[Source records]
*****
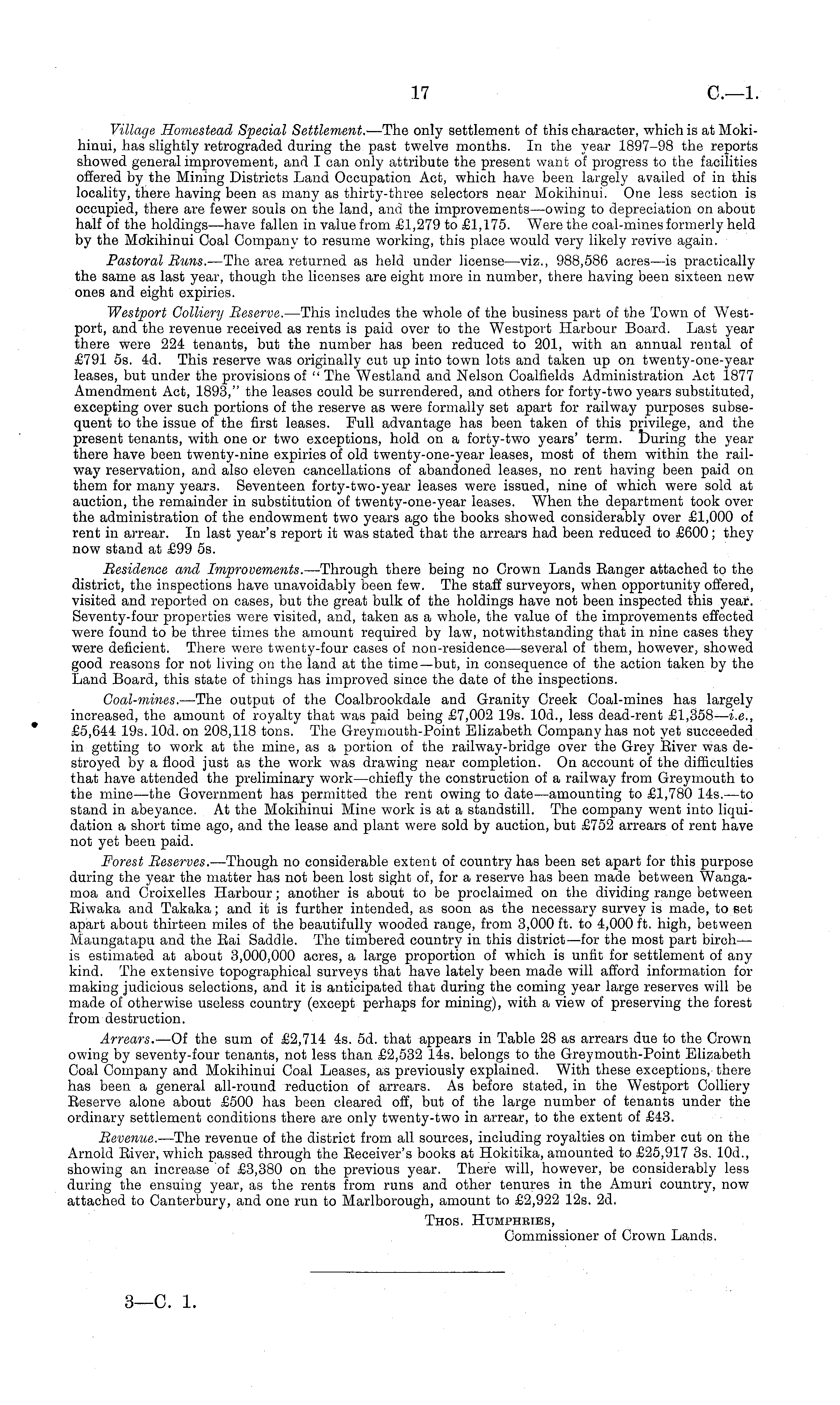 Village Homestead Special Settlement. —The only settlement of this character, which is at Mokihinui, has slightly retrograded during the past twelve months. In the year 1897-98 the reports showed general improvement, and I can only attribute the present want of progress to the facilities offered by the Mining Districts Land Occupation Act, which have been largely availed of in this locality, there having been as many as thirty-three selectors near Mokihinui. One less section is occupied, there are fewer souls on the land, and the improvements —owing to depreciation on about half of the holdings—have fallen in value from £1,279 to £1,175. Were the coal-mines formerly held by the Mokihinui Coal Company to resume working, this place would very likely revive again. Pastoral Runs. —The area returned as held under license —viz., 988,586 acres —is practically the same as last year, though the licenses are eight more in number, there having been sixteen new ones and eight expiries. Westport Colliery Reserve. —This includes the whole of the business part of the Town of Westport, and the revenue received as rents is paid over to the Westport Harbour Board. Last year there Were 224 tenants, but the number has been reduced to 201, with an annual rental of £791 ss. 4d. This reserve was originally cut up into town lots and taken up on twenty-one-year leases, but under the provisions of " The Westland and Nelson Coalfields Administration 3-ict 1877 Amendment Act, 1893," the leases could be surrendered, and others for forty-two years substituted, excepting over such portions of the reserve as were formally set apart for railway purposes subsequent to the issue of the first leases. Full advantage has been taken of this privilege, and the present tenants, with one or two exceptions, hold on a forty-two years' term. During the year there have been twenty-nine expiries of old twenty-one-year leases, most of them within the railway reservation, and also eleven cancellations of abandoned leases, no rent having been paid on them for many year 3. Seventeen forty-two-year leases were issued, nine of which were sold at auction, the remainder in substitution of twenty-one-year leases. When the department took over the administration of the endowment two years ago the books showed considerably over £1,000 of rent in arrear. In last year's report it was stated that the arrears had been reduced to £600; they now stand at £99 ss. Residence and Improvements. —Through there being no Crown Lands Ranger attached to the district, the inspections have unavoidably been few. The staff surveyors, when opportunity offered, visited and reported on cases, but the great bulk of the holdings have not been inspected this year. Seventy-four properties were visited, and, taken as a whole, the value of the improvements effected were found to be three times the amount required by law, notwithstanding that in nine cases they were deficient. There were twenty-four cases of non-residence —several of them, however, showed good reasons for not living on the land at the time—but, in consequence of the action taken by the Land Board, this state of things has improved since the date of the inspections. Coal-mines. —The output of the Coalbrookdale and Granity Creek Coal-mines has largely increased, the amount of royalty that was paid being £7,002 19s. 10d., less dead-rent £1,358 — i.e., £5,644 19s. lOd. on 208,118 tons. The Greymouth-Point Elizabeth Company has not yet succeeded in getting to work at the mine, as a portion of the railway-bridge over the Grey River was destroyed by a flood just as the work was drawing near completion. On account of the difficulties that have attended the preliminary work —chiefly the construction of a railway from Greymouth to the mine—the Government has permitted the rent owing to date —amounting to £1,780 14s.—to stand in abeyance. At the Mokihinui Mine work is at a standstill. The company went into liquidation a short time ago, and the lease and plant were sold by auction, but £752 arrears of rent have not yet been paid. Forest Reserves. —Though no considerable extent of country has been set apart for this purpose during the year the matter has not been lost sight of, for a reserve has been made between Wangamoa and Croixelles Harbour; another is about to be proclaimed on the dividing range between Eiwaka and Takaka; and it is further intended, as soon as the necessary survey is made, to set apart about thirteen miles of the beautifully wooded range, from 3,000 ft. to 4,000 ft. high, between Maungatapu and the Rai Saddle. The timbered country in this district —for the most part birch— is estimated at about 3,000,000 acres, a large proportion of which is unfit for settlement of any kind. The extensive topographical surveys that have lately been made will afford information for making judicious selections, and it is anticipated that during the coming year large reserves will be made of otherwise useless country (except perhaps for mining), with a view of preserving the forest from destruction. Arrears. —Of the sum of £2,714 4s. sd. that appears in Table 28 as arrears due to the Crown owing by seventy-four tenants, not less than £2,532 14s. belongs to the Greymouth-Point Elizabeth Coal Company and Mokihinui Coal Leases, as previously explained. With these exceptions, there has been a general all-round reduction of arrears. As before stated, in the Westport Colliery Reserve alone about £500 has been cleared off, but of the large number of tenants under the ordinary settlement conditions there are only twenty-two in arrear, to the extent of £43. Revenue. —The revenue of the district from all sources, including royalties on timber cut on the Arnold River, which passed through the Receiver's books at Hokitika, amounted to £25,917 3s. 10d., showing an increase of £3,380 on the previous year. There will, however, be considerably less during the ensuing year, as
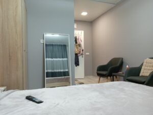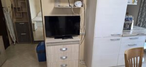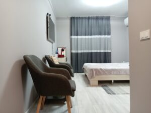 Жилището е със следното разпределение: Две спални -гардероби,шкафове,климатици,всекидневна с кухненска част кухнята е напълно оборудвана ,хладилници съдомиялна, ,две тераси с гледка към морето и странджа планина ,две бани/тоалетни.
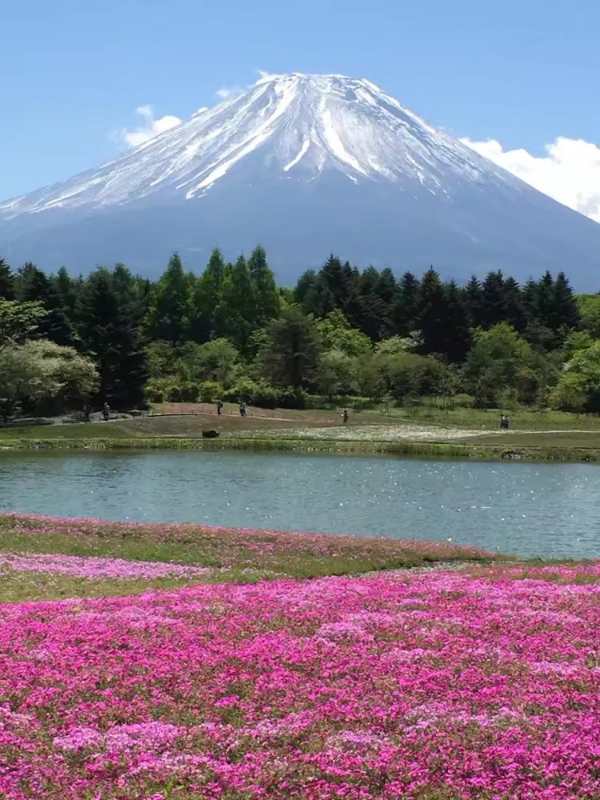 富士山,日本人的精神象征。它的魅力在于它的变化。天气好时,它清晰威严,天气不好时,它如水墨般藏在云雾之间。我抵达的时候,正是5月21号,虽然三月的樱花已落,也未到十月红叶多姿,却没有错过芝樱的开放。走进公园,最先带给人惊喜的,是大片的紫、白、红、粉红、淡粉、雪青六色有层次地铺开的芝樱,花朵密集而鲜艳,以粉红色居多,形成了一片片颜色变化有致的花海,再远眺过去,则是平静透澈的湖水,之后是成荫的绿树,而富士山只远远地露了个头儿。再转进公园里,走着走着,透过大片开放的粉色的细细的芝樱花,再望过湖水和绿树的尽头,忽然,富士山棕色的山体和雪白的山顶仿佛画面推出般,完整地呈现在眼前!那一时刻的欣悦与肃穆之情无法用语言去形容,心中只不断重复闪现着一个念头:如果能一生都站在这儿欣赏富士山该有多好!
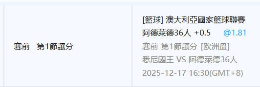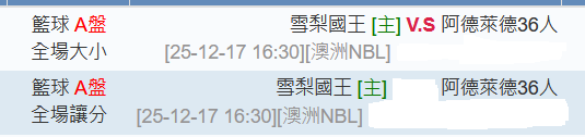 澳洲職籃 >> 12/17【國際主推近12日過9】【雙盤全過】【小叮嚀2X1過關】第一節推薦!!
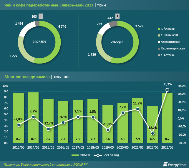 В региональном разрезе более половины производства чая и кофе пришлось лишь на Алматы: 4,7 тысячи тонн, на 32,6% больше, чем в аналогичном периоде прошлого года. Значительные объёмы выпуска отмечены также в Шымкенте (2,2 тысячи тонн) и Алматинской области (1,5 тысячи тонн).
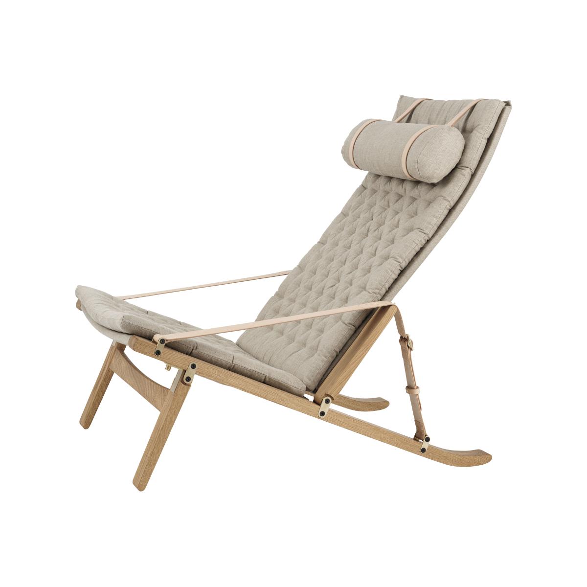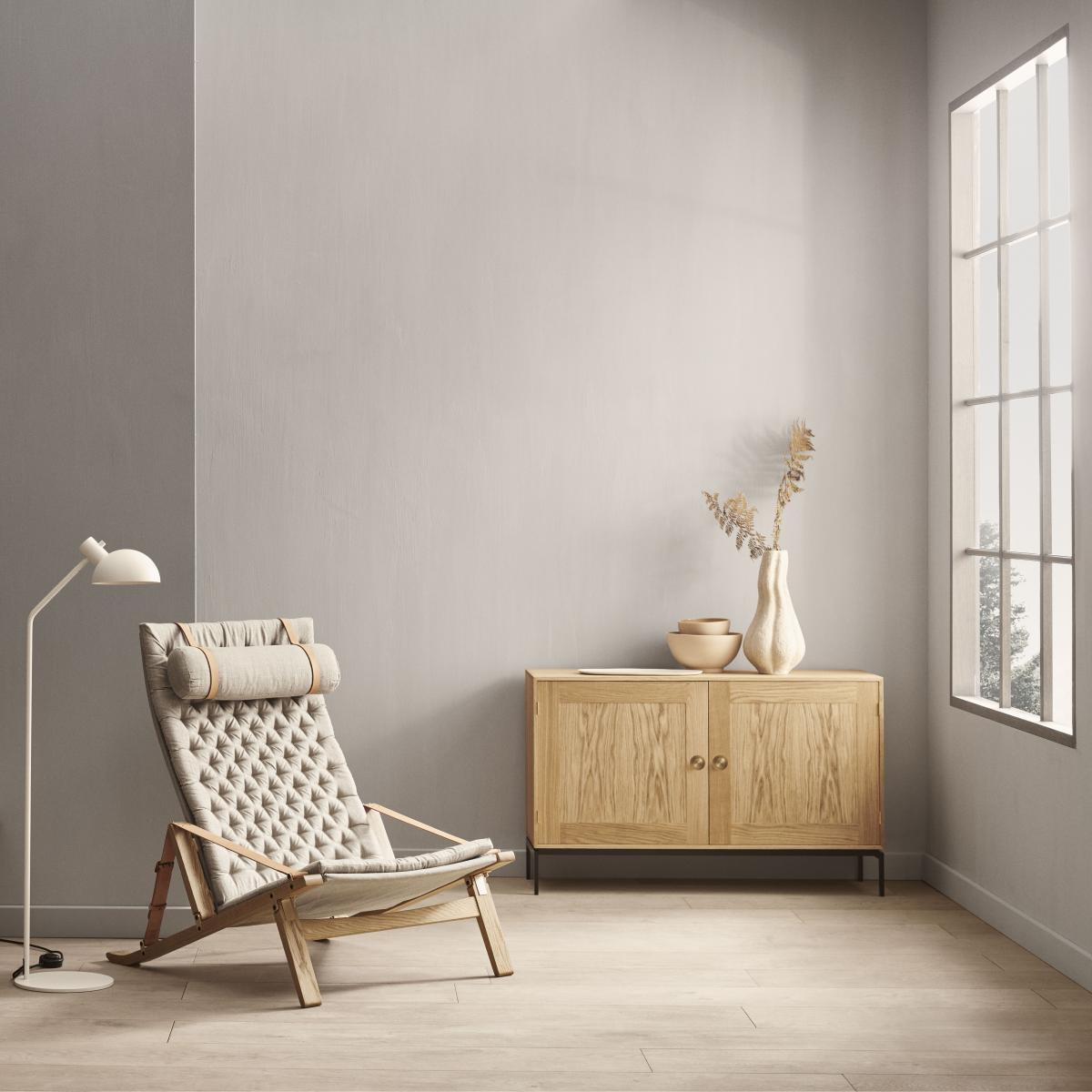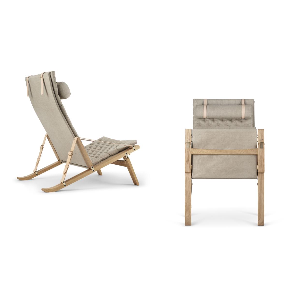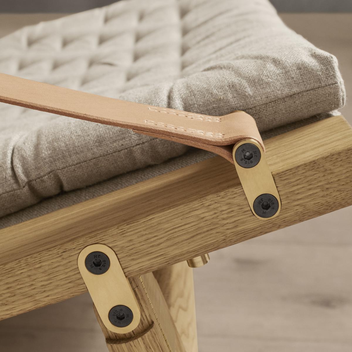 Since 1908, Carl Hansen & Søn has embodied the quintessence of Danish design by combining craftsmanship, quality and innovation. The brand brings together a collection of masterpieces of Scandinavian design: iconic items created by the greatest Danish designers. Handcrafted in Denmark, these pieces with their exceptional quality stand the test of time. With the strictest respect for the original models, Carl Hansen & Søn reissues the legendary creations of the founders of Scandinavian design. The Plico Chair folding lounge chair was designed in 1963 by the duo Preben Fabricius and Jorgen Kastholm. Kastholm's experience as a blacksmith combined with Fabricius' training as a cabinetmaker led to the creation of sculptural pieces, featured in museums around the world. Their work has influenced the aesthetics of Danish modernism. The designers sought to create a lounge chair that takes up as little space as possible when not in use, without compromising comfort and elegance. They created a deceptively simple design with luxurious details: magnificent brass fittings, saddle leather armrests. The frame is solid oak with curved rear legs for greater stability. The high backrest with its bolster provides optimal back support. The cushions are covered in linen with a refined look. The Plico Chair folding lounge chair is much more than just a piece of furniture: it's a functional work of art that embodies the heritage of Danish design.
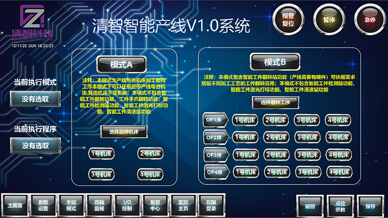 2、高柔性能力:全系搭配清智智能系統V1.0,智能化控制可滿足50個不同工件運動程序存儲和編輯,自由切換產線上的加工產品,產線換產品快至10分鐘;通過選擇自動頭庫功能滿足機械手爪自動交換,滿足不同產品混線加工和快速切換不同產品。
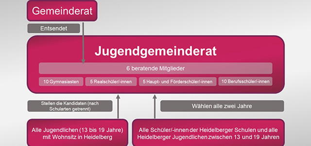 Seit 2006 vertreten Jugendgemeinderätinnen und -räte die Interessen junger Heidelbergerinnen und Heidelberger gegenüber dem Oberbürgermeister, dem Gemeinderat und seinen Ausschüssen. Bei allen jugendrelevanten Themen haben die jungen Räte ein festes Rederecht im Gemeinderat. Gewählt wird das 30-köpfige Gremium alle zwei Jahre von Jugendlichen zwischen 13 und 19 Jahren. Hier geht es zu den aktuellen Jugendgemeinderätinnen und -räten.
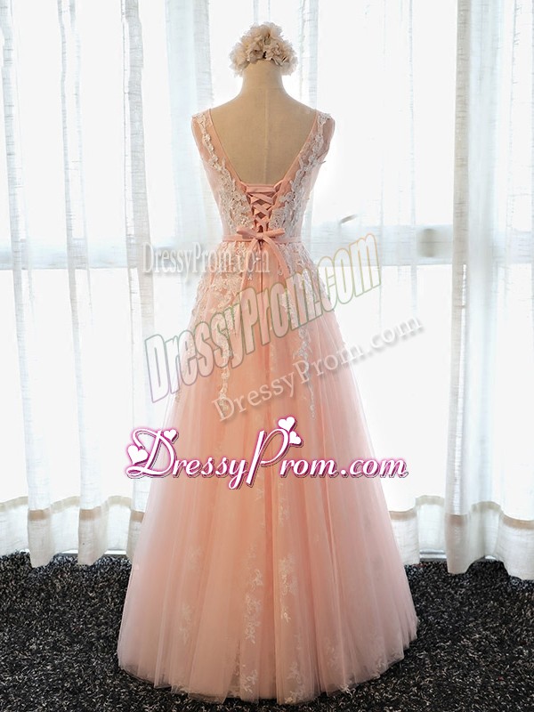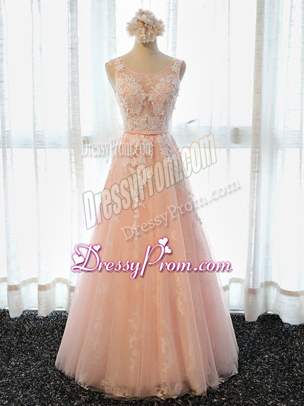 Neckline : ScoopShown Color : PeachSilhouette : A-lineSleeve Length : sleevelessHemline : floor lengthBack Detail : Lace upFabric : TulleEmbellishment : AppliquesOccasion : Prom,Party,Military BallSeason : Spring,Summer,Fall,Winter
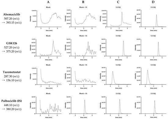 The developed method for the quantification of abemaciclib, GSK126 and tazemetostat had a runtime of 7.5 min. Representative chromatograms of blank samples (double-blank and blank plus IS) and calibration standards at the LLOQ and ULOQ are shown in Figure 2.
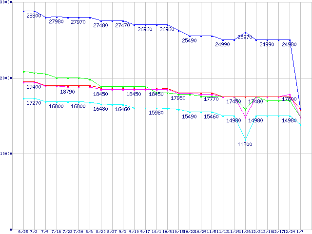 | ※製品名をクリックすると個別のグラフを表示します ※点線部は販売店が確認できなかった、または調査データがないことを示します | |
*****
EXERCISE:
All lines above from the one containing "Жилището е със" up to and including the one containing "В региональном разрезе" are to be set down exactly, and nothing else. Leave images out.

REPLY:
 Жилището е със следното разпределение: Две спални -гардероби,шкафове,климатици,всекидневна с кухненска част кухнята е напълно оборудвана ,хладилници съдомиялна, ,две тераси с гледка към морето и странджа планина ,две бани/тоалетни.
 富士山,日本人的精神象征。它的魅力在于它的变化。天气好时,它清晰威严,天气不好时,它如水墨般藏在云雾之间。我抵达的时候,正是5月21号,虽然三月的樱花已落,也未到十月红叶多姿,却没有错过芝樱的开放。走进公园,最先带给人惊喜的,是大片的紫、白、红、粉红、淡粉、雪青六色有层次地铺开的芝樱,花朵密集而鲜艳,以粉红色居多,形成了一片片颜色变化有致的花海,再远眺过去,则是平静透澈的湖水,之后是成荫的绿树,而富士山只远远地露了个头儿。再转进公园里,走着走着,透过大片开放的粉色的细细的芝樱花,再望过湖水和绿树的尽头,忽然,富士山棕色的山体和雪白的山顶仿佛画面推出般,完整地呈现在眼前!那一时刻的欣悦与肃穆之情无法用语言去形容,心中只不断重复闪现着一个念头:如果能一生都站在这儿欣赏富士山该有多好!
 澳洲職籃 >> 12/17【國際主推近12日過9】【雙盤全過】【小叮嚀2X1過關】第一節推薦!!
 В региональном разрезе более половины производства чая и кофе пришлось лишь на Алматы: 4,7 тысячи тонн, на 32,6% больше, чем в аналогичном периоде прошлого года. Значительные объёмы выпуска отмечены также в Шымкенте (2,2 тысячи тонн) и Алматинской области (1,5 тысячи тонн).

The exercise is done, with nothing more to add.